Fixing the dirify function in Movable Type
The dirify function Movable Type uses to turn post titles into legal directory names suitable for URLs has serious problems with some accented characters. I could not find a satisfactory fix anywhere, so I hacked up my own. While I was at it, I changed it to use hyphens instead of underscores to separate words in URLs.
I’ve seen the accented character bug before, but haven’t bothered to look for a solution since nearly all posts on 456 Berea Street are in English. However when I was working on another site recently I really needed to fix this to make Swedish post titles turn into reasonably readable URL fragments.

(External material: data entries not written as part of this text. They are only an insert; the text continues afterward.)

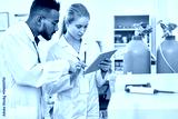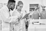 Serious thoughtful medical colleagues using digital tablet while viewing report together and discussing results standing by oxygen cylinders in laboratory
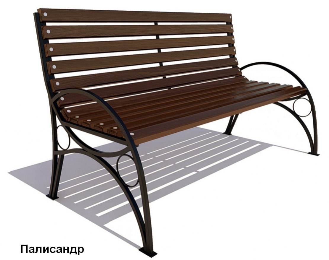 Сиденье и спинка: Брус из хвойных пород древесины, обработан экологичными инновационными лакокрасочными материалами, что подтверждает Свидетельство ЕвАзЭС. Стандартный цвет по умолчанию – палисандр. Есть возможность выбора цвета из палитры. Тип крепления: анкерный.
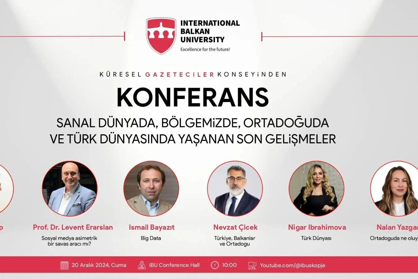 Balkanlar ve Ortadoğu’da Medya Diplomasi Konuşulacak KGK Genel Başkanı Mehmet Ali Dim, konferansta "Balkanlar ve Ortadoğu'da medya diplomasisi" konusunu ele alacak. Ayrıca, Prof. Dr. Levent Eraslan sosyal medyanın asimetrik bir savaş aracı olup olmadığına dair görüşlerini paylaşacak. Nigar İbrahimova, Türk dünyasında yaşanan gelişmeleri anlatırken, Nevzat Çiçek ise Türkiye, Balkanlar ve Ortadoğu üzerine konuşacak.
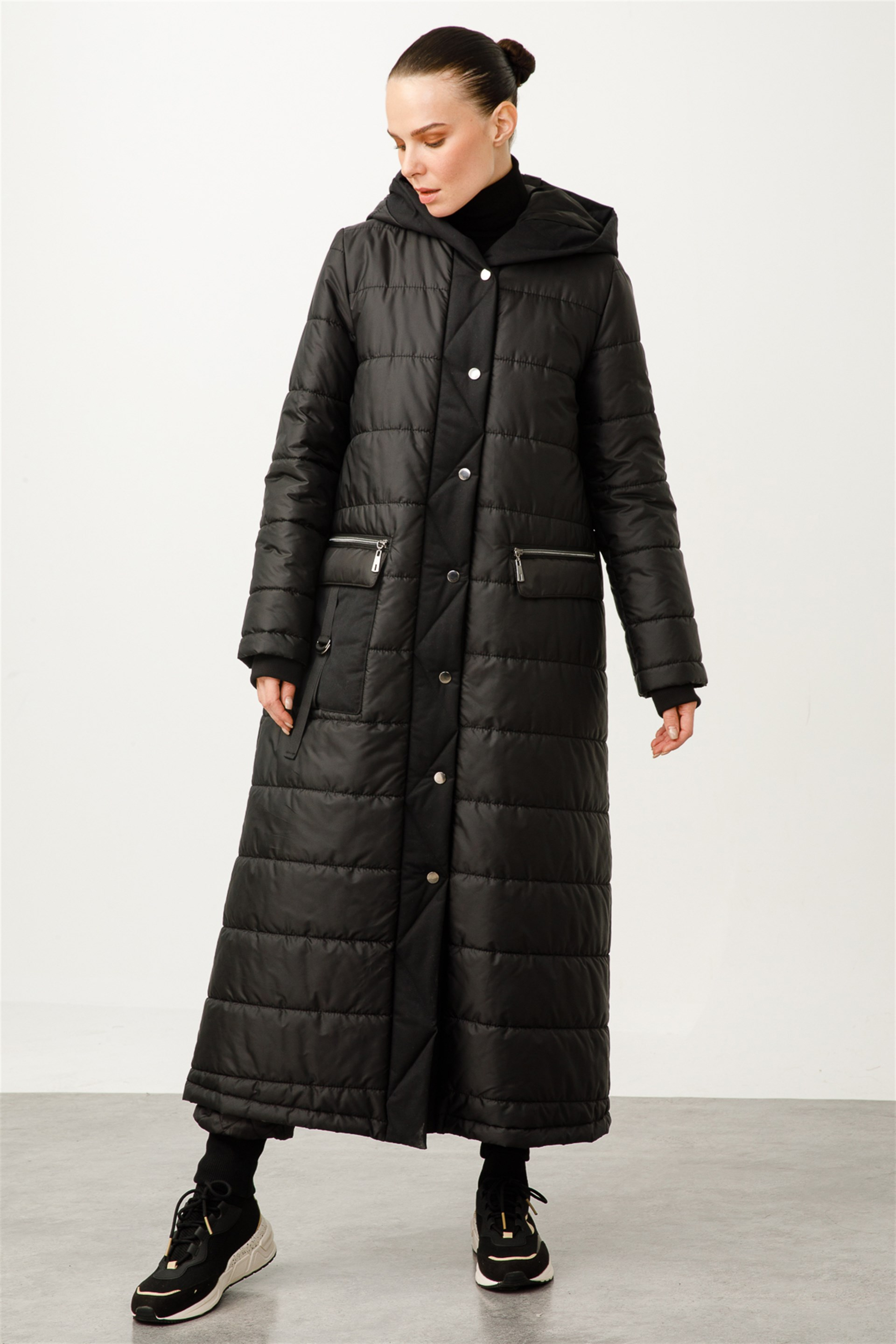 Şişme Elyaf Dolgulu Helene Garnili Spor Detaylı Manto-Siyah (222523M KABAN-01)

All I wanted dirify to do was convert any accented characters to their non-accented versions:
å => a
ä => a
ö => o
Å => a
Ä => a
Ö => o
Seems simple enough, but that was not what happened. Instead, Movable Type for some reason converts the characters this way:
ä => ae
ö => oe
Ä => ae
Ö => oe
That’s right. The letters “å” and “Å” are simply removed. Hey! They may look odd to the rest of the world but we use them a lot here! Replacing “ä” with “ae” and “ö” with “oe” is not what I want either.

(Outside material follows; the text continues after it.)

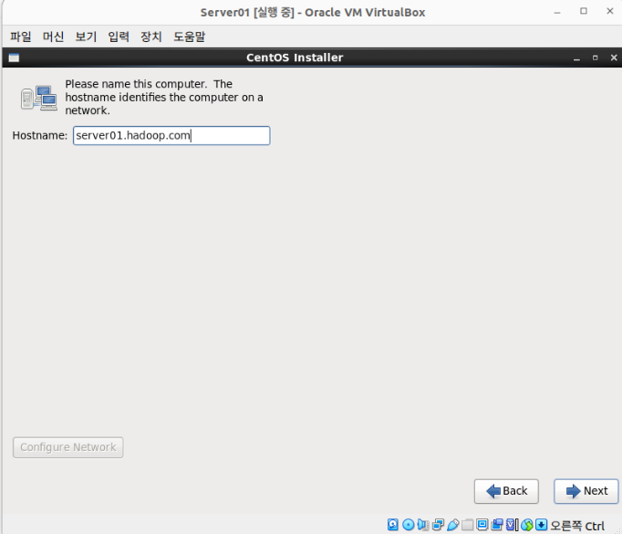 6. HOSTNAME을 Server01.hadoop.com으로 지정하고 설치 진행
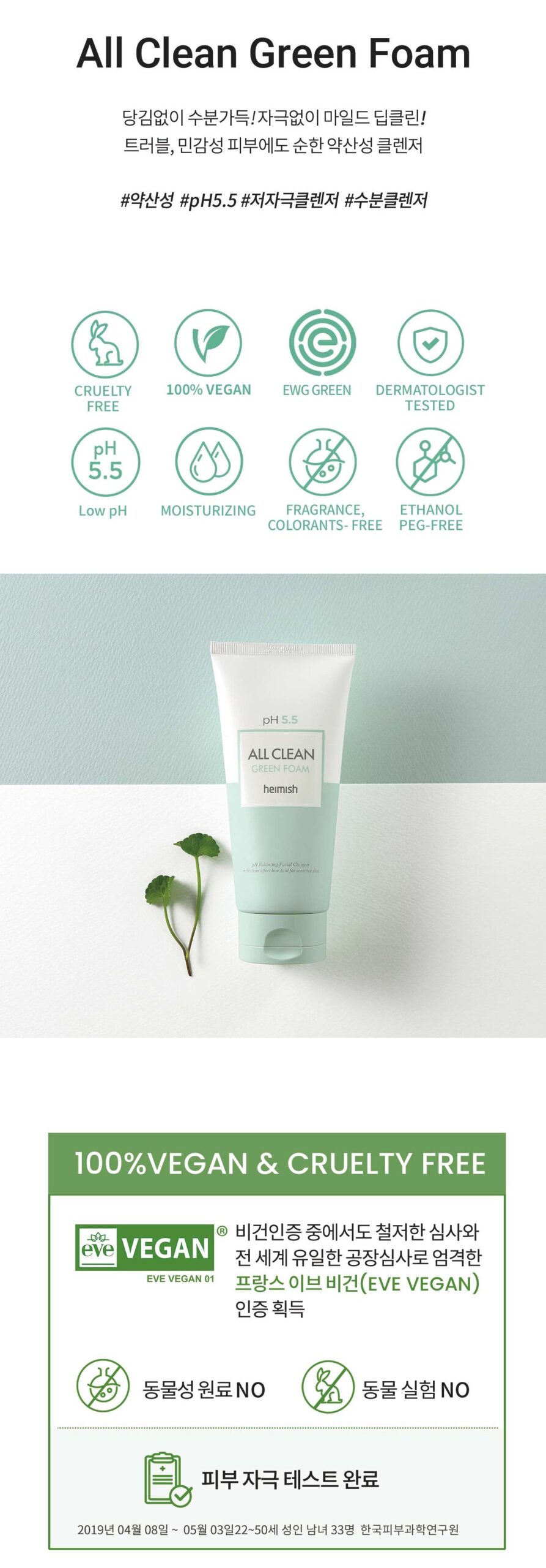 I have been using the Heimish pH 5.5 All Clean Green Foam for a month now, and I am truly impressed with its gentle formulation. This cleanser has a slightly acidic pH that perfectly balances my skin without stripping it of moisture. I appreciate how it provides full moisturization while still effectively removing dirt and makeup. My skin feels fresh and calm after each wash—no irritation whatsoever! It’s particularly fantastic for sensitive areas as well; I’ve noticed fewer breakouts since switching to this product.

Since I also wanted to use hyphens instead of underscores to separate words in URLs I started looking for plugins that could help out with that, hoping that I might also stumple upon a solution to this character conversion problem. I found a few options: Dashify, Dirifyplus, and Dirify for Unicode. Neither fixed the problem. Dirifyplus (I think) actually made it even worse by converting all accented characters to “a”.
So in the end I decided to find Movable Type’s dirify function and fix it. After a bit of searching I found it in
/lib/MT/Util.pm. The separator character is defined on line 544, and the conversion table starts on line 620 (assuming Movable Type 3.2 set up to use UTF-8).
To use dashes instead of underscores, just edit line 544. To make dirify convert Swedish accented characters to something more usable, replace the
my %utf8_table hash table with this patched utf8_table.
Happy that I had managed to solve the problem, I went to apply the fix to my other site, Kaffesnobben. Well, that revealed other problems since that site is running Movable Type 3.17. First, the separator character is specified on line 457 instead of 544, and the
my %utf8_table hash table starts on line 528 instead of 620. No big deal, it should work anyway, right? Wrong. After applying the patches the Swedish characters were converted properly, but underscores were still being used as separators.
After spending way too long trying to figure out why dirify wouldn’t use hyphens instead of underscores I finally found the answer: I had installed
patch-20050616-utf8dirify-nodash.pl, a plugin that fixes another dirify problem. Well, that plugin also overrides the separator character specified in
Util.pm. So if you have this plugin installed, make sure to edit the separator character on line 20.
It took a while, but in the end I found a solution to my problem. Hopefully this post will save someone else a bit of frustration.